Un commissario che ha commesso un errore ed è stato rimosso dalla polizia con disonore: a Carlotto interessa cogliere, aldilà di questo errore e di questa perdita del ruolo istituzionale del suo personaggio, il mondo che gli sta attorno e le relazioni che intrattiene con la realtà che lo circonda. E qui torna il “problema del contenuto”: Pietro Sambo, veneziano, nel gioco delle parti che gli è dato di interpretare deve rappresentare antieroicamente proprio Venezia, il luogo simbolo delle contraddizioni che non si possono capire se non si cambiano le regole del gioco.

E allora le vicende si complicano, si intersecano, si raggomitolano le une sulle altre e l’apparente semplicità della forma, essa stessa, genera il caos e l’indeterminatezza.
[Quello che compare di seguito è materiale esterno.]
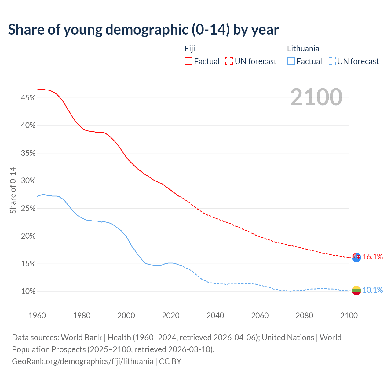- The share of young demographic (0-15 years old) in Fiji is 27.1% vs 14.7% in Lithuania.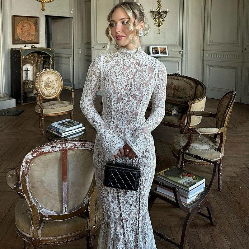 Zarif Yüksek Yaka Dantel Maksi Elbise

Nulla è più definibile, all’irrompere della realtà corrisponde l’irrompere dei colpi di scena, alla linearità dei personaggi disegnati a tutto tondo corrisponde l’inversione delle prospettive e dei punti di vista, alla logica delle procedure del genere corrisponde l’invadenza del caso che spinge oltre i confini del genere.

L’unica regola è il caso, l’unica azione possibile, per tutti, è dentro le maglie del caso. Carlotto ci consegna una visione lucida e disincantata, un’indagine oggettiva e spregiudicata del presente in cui s’adombra, però, al limite della menzogna e della dissimulazione, fra sospensione ed impegno, l’antica – ed anche qui non rimossa – dimensione dell’inchiesta come forma di intervento dello scrittore sulla materia trattata.